The objective of the Fatimid Caliphate was to regain suzerainty over the Zirids, to repopulate the Maghreb, which had been insufficiently exploited until then, and to reverse the demographic trend so that the Berbers were no longer the majority. The original tribe of the Banu Hilal was then composed of three fractions, themselves constituted into sub-factions:

- Athbaj: Durayd, Taouba, Bokhtor, Kherfa, Dahhak, Iyad, and Latif
- Riyah : Mohammed, Mirdass, Sinber, and Dhouaouda
- Zoghba : Malik, Yazid Amer, and Suwayd

During their migration to the Maghreb, the Banu Hilal were joined by three other Arab tribal groups:

- Jusham : Qorra, al-Assem, Moqaddem, Khlout, Sofiane, and Djaber;
- Maqil : Hedadj, Kharadj, Shabanaat, Ghosl, Metarfa, Thaleba, Ahlaf;
- Sulaym : Zoghb, Heib, Aouf, Kaoub, Hakim, Debbab, Ouchah, Djouari.
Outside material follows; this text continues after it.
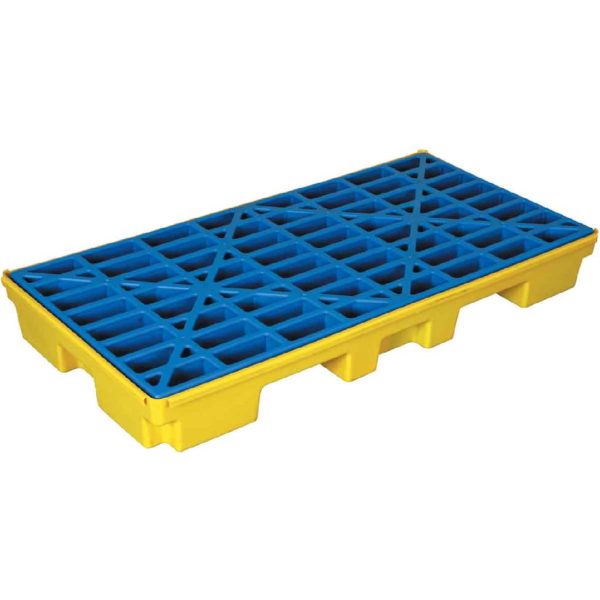 107783 SC-SD2 Plataforma para derrames, para dos tambos. Color amarillo con azul. Dimensiones de: 6 in H x 26 in W x 52 in L. Absorbe hasta 21.2 gal.
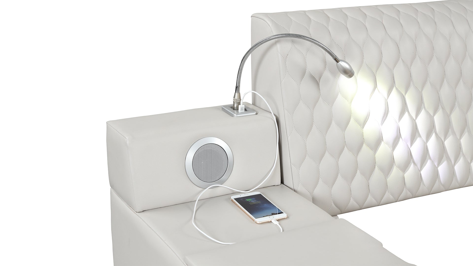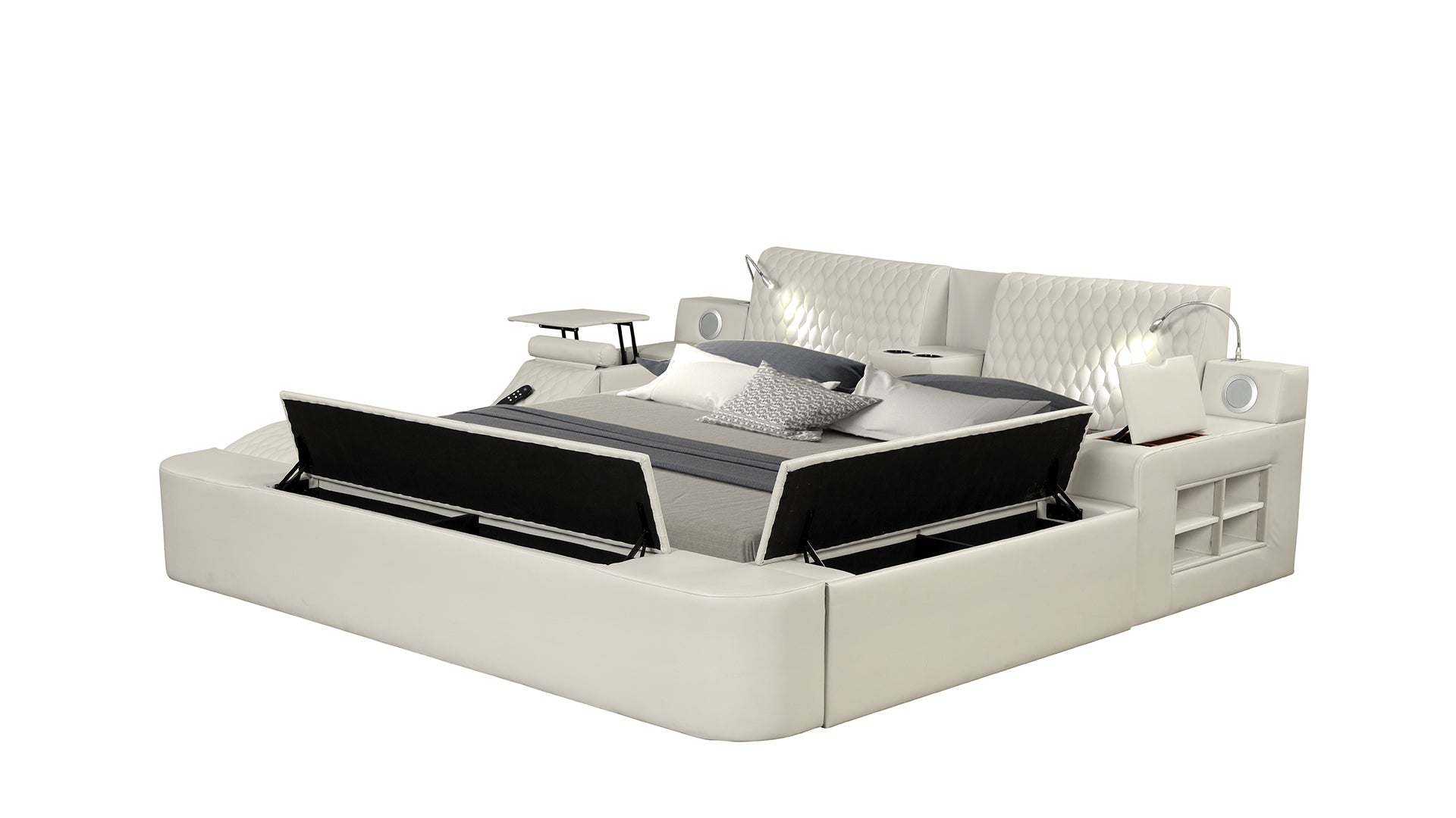 The Zoya Bed is the ultimate enclosure system, offering everything you need in one ultra-urban design, perfect for transforming your bedroom. This futuristic bed is equipped with a remote-controlled massage chaise lounge, built-in Bluetooth speakers, dual reading lights, and convenient storage solutions. The integrated charging station with USB hookups ensures you never have to leave the bed. The cushioned headboard and durable engineered wood frame provide maximum comfort and longevity. Available in Beige, Gray, Black, and Brown, and in King and Queen sizes, the Zoya Bed is a revolutionary, all-in-one solution for modern living.

The influx of Hilalians was a major factor in the linguistic, cultural, and ethnic Arabization of the Maghreb and in the spread of nomadism in areas where agriculture had previously dominated. Estimates of the displacement of Arab populations from the 11th century onward vary among historians from 200,000 to 1,000,000. According to Luis del Mármol Carvajal, the Hilalians numbered over a million, and he estimated the Hilalian population at his time at 1,000,000 in 1573.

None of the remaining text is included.